Congregation Kol Tikvah in Parkland will host what is anticipated to be an enlightening and moving Erev Tisha B’Av service on July 31 at 7:30 p.m.
Tisha B’Av is an annual holy day commemorating the destruction of the First and Second Temples in Jerusalem. It has been called “the saddest day in Jewish history” and it also one of general mourning for the numerous catastrophes that have coincidentally befallen Jews on the ninth of Av.
Cantor Malcolm Arnold of Kol Tikvah, a Reform synagogue, will lead this upcoming service. Arnold said the congregation began hosting this Tisha B’Av service eight years ago and that it is something most Reform synagogues don’t observe. As far as the look of the service, he said it won’t be much different than a Friday evening Shabbat service.
“I will be leading the service by myself, both doing the music and readings, but what we’ve done is we’ve incorporated a lot of the traditional ingredients of a Tisha B’Av service. Because it’s not an Orthodox type of service, we don’t observe some of the customs of sitting on the floor or on boxes as if you’re in a house of mourning. We do dim the lights and we do minimize the socializing in that it is a sad holiday, but it is a sad holiday with a message of reconstruction of almost celebrating the fact that despite the numerous tragedies that we’ve faced as a people, we are still here, which is quite unique.”
Arnold said there are several things that people can take away from attending the service.
“I think we need to show respect and empathy for those who have died in honor of Judaism or by just the fact they were born to be Jews and suffered consequences at the hands of history. I think it’s important to remember that.”
Arnold continued, “It’s also a significant holiday on the calendar, whether we believe in all the ambitions of the holiday to rebuild the Temple.

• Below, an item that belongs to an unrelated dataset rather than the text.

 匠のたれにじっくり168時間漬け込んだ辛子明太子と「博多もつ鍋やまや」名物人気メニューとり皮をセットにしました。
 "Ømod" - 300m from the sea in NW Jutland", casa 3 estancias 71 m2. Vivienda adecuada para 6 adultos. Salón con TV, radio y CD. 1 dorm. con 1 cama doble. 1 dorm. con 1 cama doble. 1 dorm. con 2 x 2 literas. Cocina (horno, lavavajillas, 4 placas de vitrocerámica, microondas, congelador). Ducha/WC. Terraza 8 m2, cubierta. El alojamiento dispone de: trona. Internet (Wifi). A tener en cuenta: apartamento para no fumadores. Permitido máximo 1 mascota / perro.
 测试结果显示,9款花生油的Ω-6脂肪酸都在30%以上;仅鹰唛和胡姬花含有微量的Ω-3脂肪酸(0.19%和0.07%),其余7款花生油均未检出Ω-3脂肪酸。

We don’t particularly believe in that, but we do see that it’s worth immersing ourselves in. It is the same way in which we study the Book of Leviticus, which is mostly information dealing with the temple cult. It doesn’t exist anymore but we still study it because it’s part of who we are and part of our history.”
Arnold concluded, “We need to look at this holiday in the perspective of Reform Judaism.”

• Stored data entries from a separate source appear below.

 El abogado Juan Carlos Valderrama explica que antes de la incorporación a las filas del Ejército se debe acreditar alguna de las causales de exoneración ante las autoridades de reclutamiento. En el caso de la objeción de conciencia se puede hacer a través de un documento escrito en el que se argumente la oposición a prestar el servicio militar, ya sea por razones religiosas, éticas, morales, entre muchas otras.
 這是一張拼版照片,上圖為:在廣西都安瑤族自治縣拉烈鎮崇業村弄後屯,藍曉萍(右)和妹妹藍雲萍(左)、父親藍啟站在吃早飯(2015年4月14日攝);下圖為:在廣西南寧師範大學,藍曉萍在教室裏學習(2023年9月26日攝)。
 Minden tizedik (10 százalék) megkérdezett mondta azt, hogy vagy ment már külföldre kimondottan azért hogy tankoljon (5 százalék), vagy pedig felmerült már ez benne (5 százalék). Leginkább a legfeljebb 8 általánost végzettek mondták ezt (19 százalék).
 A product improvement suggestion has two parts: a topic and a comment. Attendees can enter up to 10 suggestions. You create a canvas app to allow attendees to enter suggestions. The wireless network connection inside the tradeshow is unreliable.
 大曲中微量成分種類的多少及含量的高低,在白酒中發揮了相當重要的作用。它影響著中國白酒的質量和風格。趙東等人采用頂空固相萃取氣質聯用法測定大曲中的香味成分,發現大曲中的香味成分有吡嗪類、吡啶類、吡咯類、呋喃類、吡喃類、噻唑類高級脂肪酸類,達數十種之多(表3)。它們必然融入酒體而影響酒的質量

Jennifer Levin-Tavares, the congregation’s executive director, said, “Holding a Tisha B’Av Service does set Kol Tikvah apart because most Reform congregations don’t actively mark this holiday.”

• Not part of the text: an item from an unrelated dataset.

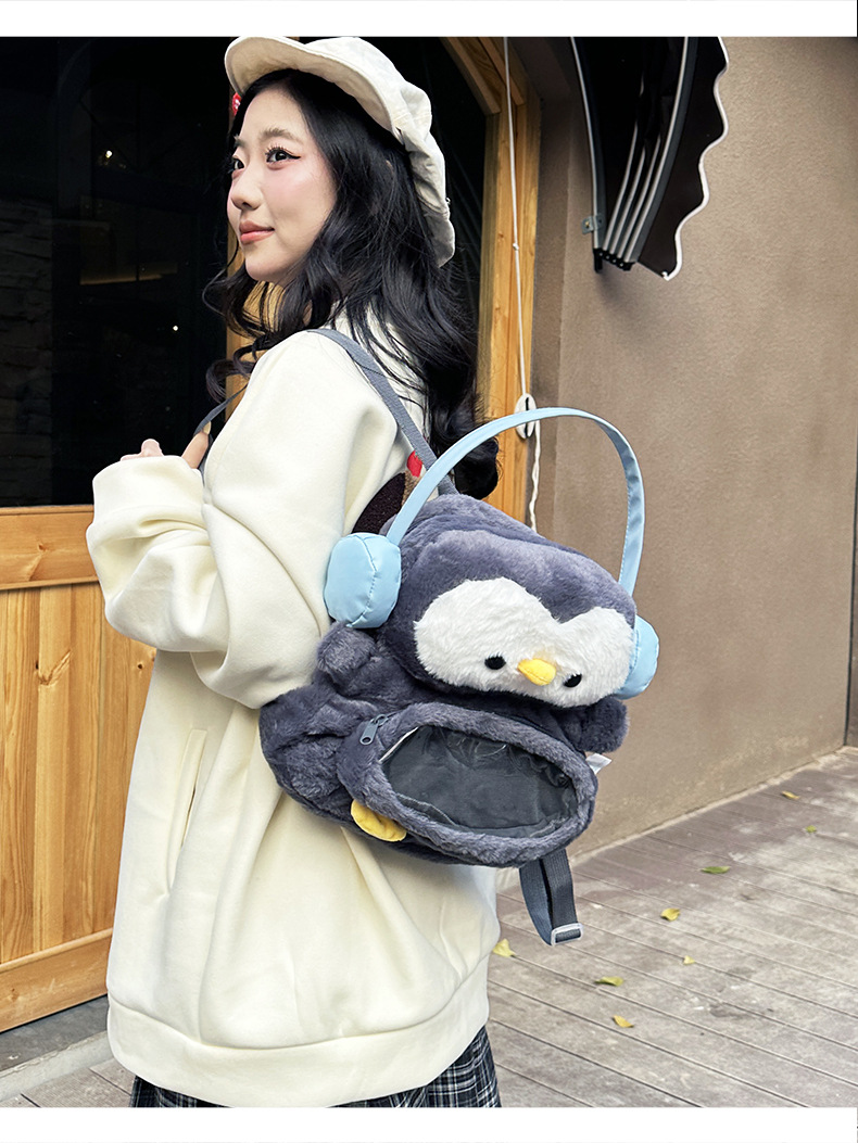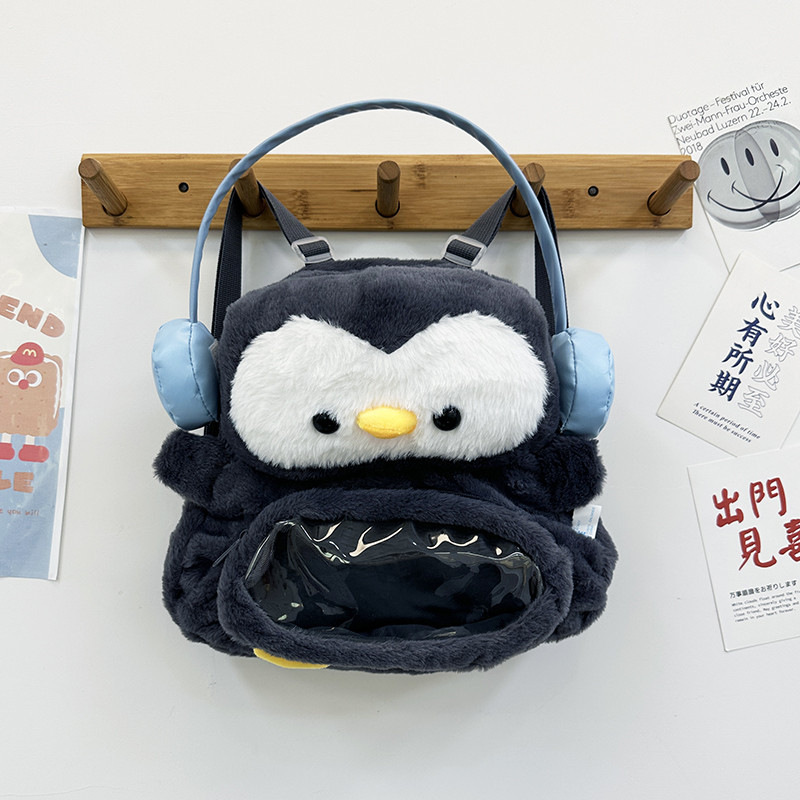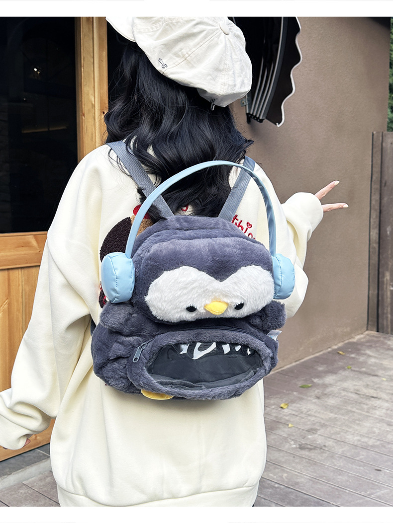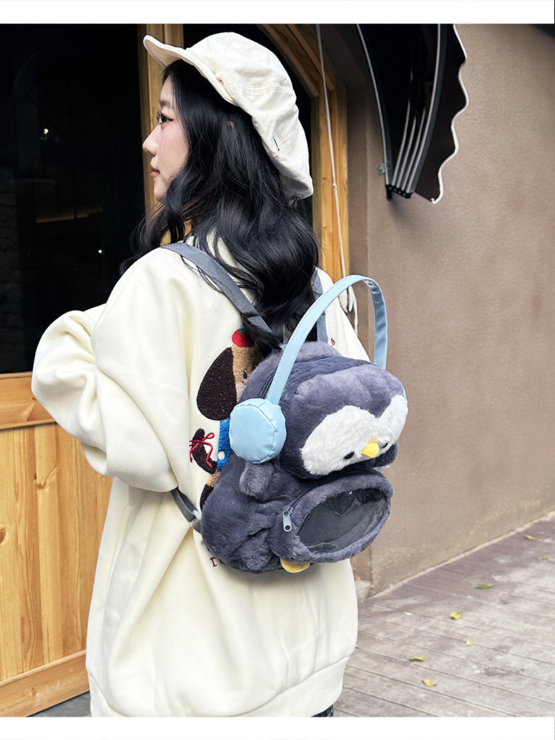 만화 새로운 귀여운 헤드폰 펭귄 배낭 모피 양고기 대용량 더블 배낭 소녀의 심장 학교 가방스토어 가기

“Judaism is about remembering moments in our history and giving them meaning in modern times,” she continued. “Recalling the destruction of the original Temples can be related to the desecration and destruction of sacred places that is happening in many parts of the world today.”
Levin-Tavares concluded, “It is important to be mindful of these tragedies because it helps us appreciate what we do have, to be empathetic and understanding towards others who are suffering, and to be motivated to help repair the world (tikkun olam).”
Arnold noted, regarding the importance of hosting this service with the current rise of anti-Semitism in the world, “It certainly brings to mind that this is nothing new and the fact that we see that again, we’re still here despite the animosity and prejudice that has been shown to Jews over the centuries and that the bigger picture is that we seem to be protected by our God and that we have a mission.
We hope that through education, people will understand our message and perhaps reach peace with other people.”